* [DIRECTIONS]
Go to the line in the entries below that holds "宋睿介绍,工地还配备了喷雾、" and repeat exactly from there through the line that holds "Shimei 2096 Multifunctional", inclusive.

* [WORKING DATA]
◆ ◆ ◆ ◆
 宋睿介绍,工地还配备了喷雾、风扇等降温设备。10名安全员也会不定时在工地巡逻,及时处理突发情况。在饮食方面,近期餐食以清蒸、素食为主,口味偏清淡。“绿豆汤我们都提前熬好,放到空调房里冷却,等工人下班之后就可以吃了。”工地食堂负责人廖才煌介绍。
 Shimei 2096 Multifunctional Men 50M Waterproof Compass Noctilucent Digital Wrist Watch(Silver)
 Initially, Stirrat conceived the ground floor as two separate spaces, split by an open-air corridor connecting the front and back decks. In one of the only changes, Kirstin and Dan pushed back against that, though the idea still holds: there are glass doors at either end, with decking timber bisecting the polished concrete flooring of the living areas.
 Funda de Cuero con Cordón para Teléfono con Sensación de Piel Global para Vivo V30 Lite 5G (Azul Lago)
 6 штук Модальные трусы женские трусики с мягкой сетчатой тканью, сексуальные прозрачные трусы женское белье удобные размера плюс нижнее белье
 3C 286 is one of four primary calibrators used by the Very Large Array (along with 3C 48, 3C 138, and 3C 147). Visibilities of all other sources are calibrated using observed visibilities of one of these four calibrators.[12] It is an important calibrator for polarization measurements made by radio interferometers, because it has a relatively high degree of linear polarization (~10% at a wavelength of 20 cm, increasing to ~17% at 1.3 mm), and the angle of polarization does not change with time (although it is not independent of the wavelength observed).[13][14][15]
◆ ◆ ◆ ◆
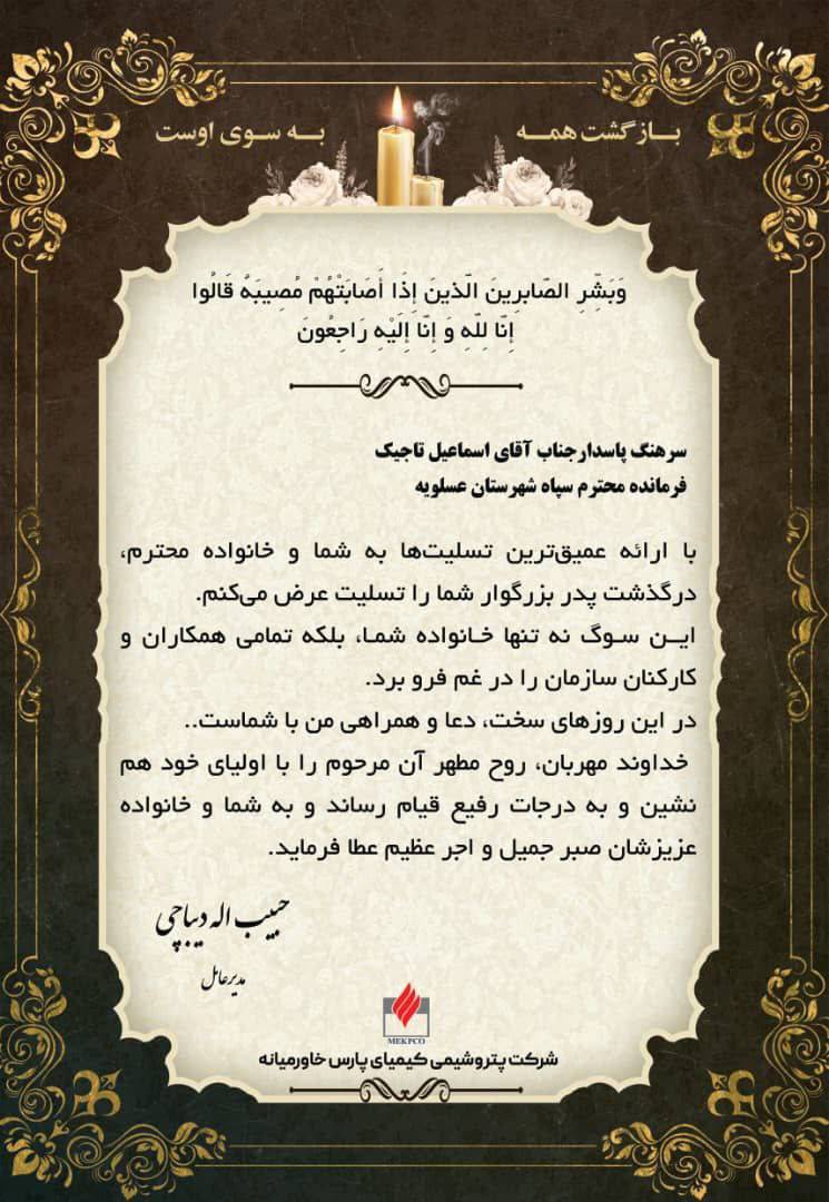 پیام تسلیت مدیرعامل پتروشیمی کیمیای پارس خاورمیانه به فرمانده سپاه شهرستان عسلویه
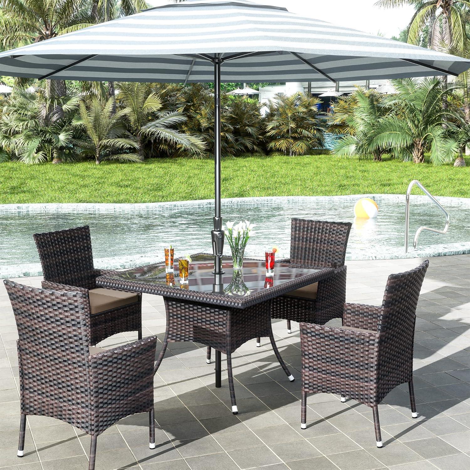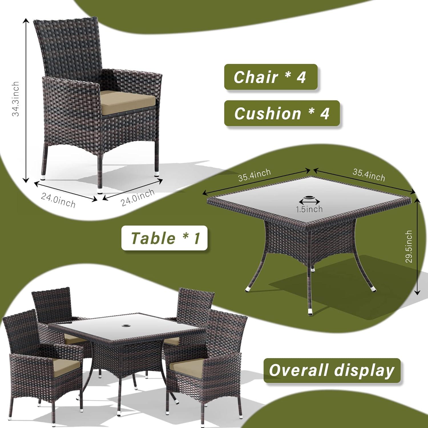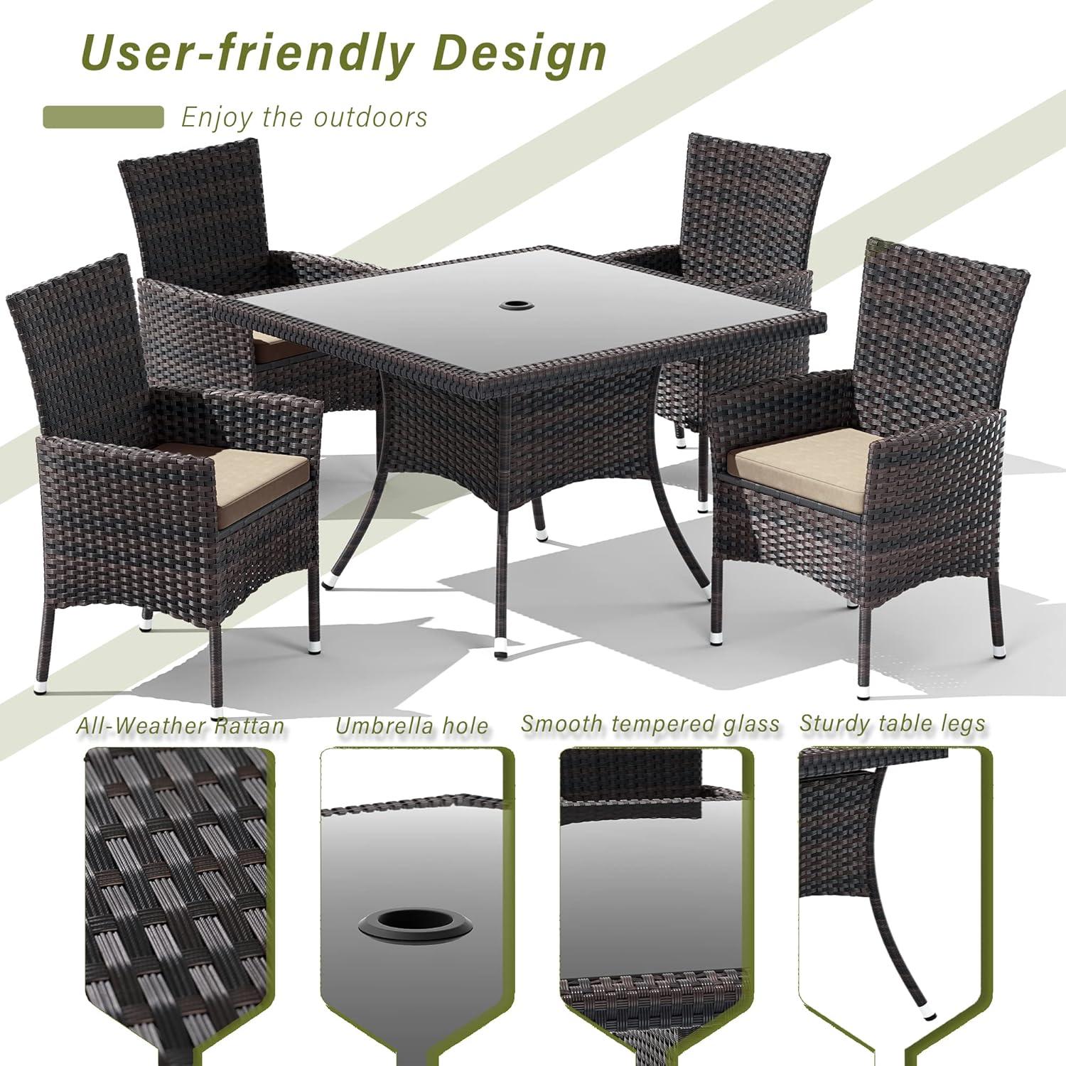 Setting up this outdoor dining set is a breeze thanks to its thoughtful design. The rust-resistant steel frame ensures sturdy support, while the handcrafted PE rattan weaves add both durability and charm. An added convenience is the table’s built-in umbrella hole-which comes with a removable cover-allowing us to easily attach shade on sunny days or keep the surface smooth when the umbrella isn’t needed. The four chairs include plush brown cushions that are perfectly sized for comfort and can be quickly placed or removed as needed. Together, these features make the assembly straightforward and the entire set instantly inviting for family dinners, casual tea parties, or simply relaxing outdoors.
◆ ◆ ◆ ◆
* [EXERCISE SOLUTION]
 宋睿介绍,工地还配备了喷雾、风扇等降温设备。10名安全员也会不定时在工地巡逻,及时处理突发情况。在饮食方面,近期餐食以清蒸、素食为主,口味偏清淡。“绿豆汤我们都提前熬好,放到空调房里冷却,等工人下班之后就可以吃了。”工地食堂负责人廖才煌介绍。
 Shimei 2096 Multifunctional Men 50M Waterproof Compass Noctilucent Digital Wrist Watch(Silver)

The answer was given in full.